What were once important geographical markers and reference points in our

socio-cultural history are today in various stages of damage and destruction.

Once exhausted of all valuable resources, these are abandoned in a state of

barren disrepair, a landscape littered with broken monuments.

If monuments are, by definition, icons of remembrance and celebration, exactly

what do these broken monuments celebrate? Hills and mountains, unlike flora,

cannot grow back to their pristine glory. If anything, these broken monuments live

on as testaments to how mankind has damaged the very thing that has sustained

it for millennia here on planet Earth – the environment.

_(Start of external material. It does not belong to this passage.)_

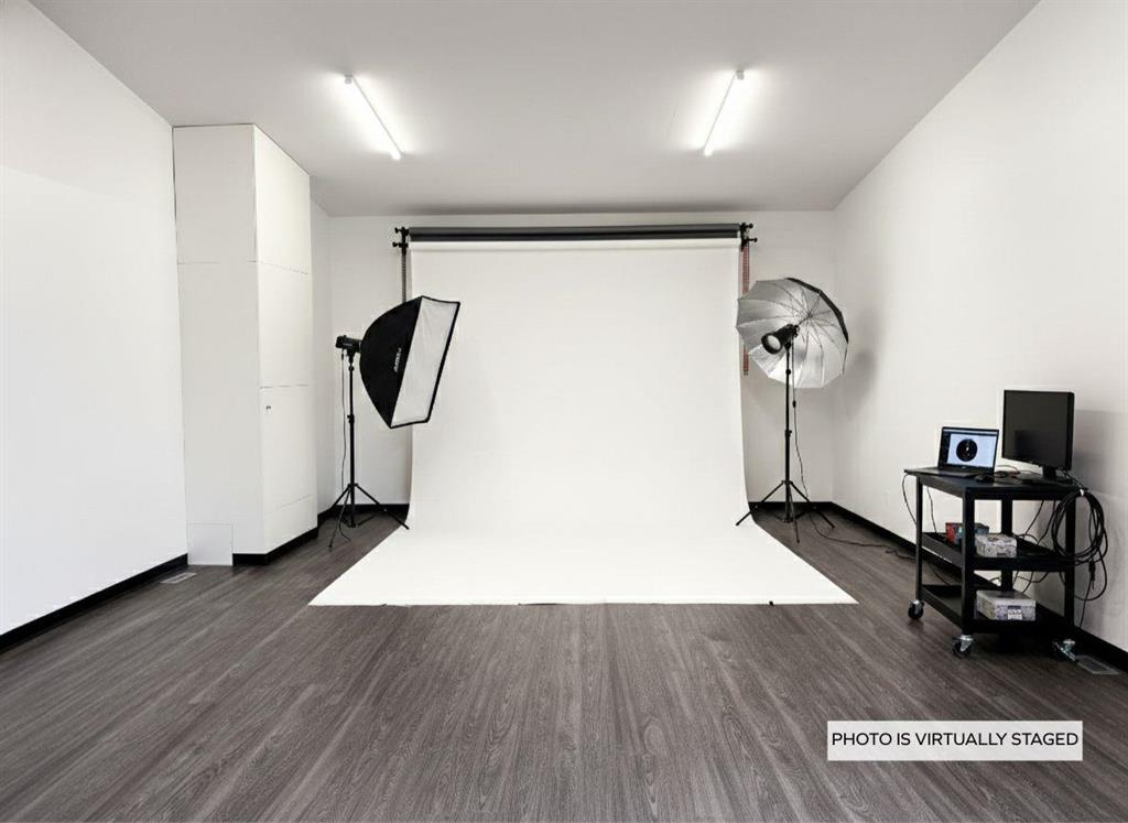 This versatile two-level, open-concept space could be the perfect solution. Ideal for a studio, office space, golf simulator, or expanding home-based business, the layout features soaring ceilings (2nd floor), loads of natural light and the flexibility of two distinct levels, allowing you to create separate functional areas tailored to your needs. Floor heat on the main floor plus forced air furnace with A/C on both levels. Add a wet bar or kitchen on the 2nd level with plumbing in place. Fibre Internet is available.

In the Monomania works, this helpless despair manifests itself as layered

brooding emotions, monochromatic layers representing both the concern

environmentalists have today, and the regret Ajim foresees mankind will have in

tomorrow’s world.

Will the smog-choked air, a common sight in metropolitan cities the world over,

even be breathable in our future? Will a “nice day” be one where it’s less grey

than most, if only by a few tonal degrees? Will the world of tomorrow know what

the phrase “clear, blue skies” even means, or will it be something the children of

tomorrow know about merely through history books?

These are among the very serious questions contained in Ajim Juxta’s works. It is

not, however, for the artist to answer. No, his role is to give us pause for thought, a

call for us to consider our past and reconsider our present courses of action; and,

to warn us of what tomorrow may possibly hold, if mankind continues living by the

Code of Madness as we have been, and looking at today, continue to.